Aim of the study was to evaluate performance of a new fully automated platform, DiaSorin-LIAISON® XL (DiaSorin S.p.A, Vercelli, Italy), in blood donor screening, specifically for hepatitis B surface antigen (HBsAg), hepatitis B core antibodies (anti-HBc), hepatitis C antibodies (anti-HCV), HIV p24 antigen, HIV antibodies, human T-lymphotropic virus types 1 and 2 (HTLV-1/2) and Treponema pallidum antibodies.

In screening for such viral and bacteriological blood-borne infections, sensitivity and specificity are of utmost importance.

Sensitivity was evaluated using selected panels of samples previously analysed on the Abbott Architect immunoanalyser (Abbott Laboratories, Abbott Park, IL, USA)--the gold standard for this evaluation. These samples were confirmed positive for HBsAg, anti-HBc, anti-HCV, HIV Ag/Ab, anti-HTLV-1/2 and antibodies to T. pallidum, respectively. Specificity analysis was assessed by analysing blood donor samples previously run on the Architect platform and found non-reactive for each marker. A total of 1·100 donor samples (both new and regular donors) were tested. Previously, non-specific reactive samples were also run for every tested marker, as well as samples with autoimmune antibodies and antibodies to other infections.

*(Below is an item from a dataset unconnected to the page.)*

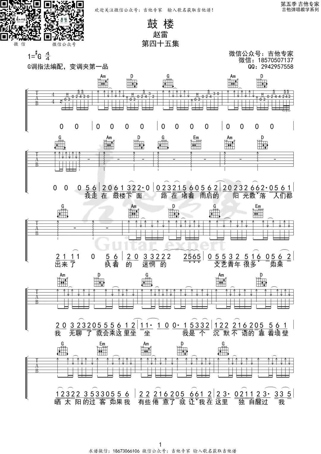当前位置:琴谱网>吉他弹唱>鼓楼

Three hundred seventy-eight samples positive for the tested markers (HBsAg n = 51, anti-HBc n = 52, anti-HCV n = 75, anti-Treponema n = 55, anti-HIV-1 n = 79, anti-HIV-2 n = 25, anti-HIV 1/2 n = 3, anti-HTLV-1 n = 28 anti-HTLV-2 n = 10) were tested and found positive, suggesting a high sensitivity. A number of 342-1100 negative blood donors (depending on marker) have been tested, with very good specificity for the markers tested, ranging between 99·5 and 100%, respectively.

The LIAISON® XL platform demonstrated very high sensitivity for the markers tested and the specificity necessary to fulfil the stringent requirements for blood donor screening.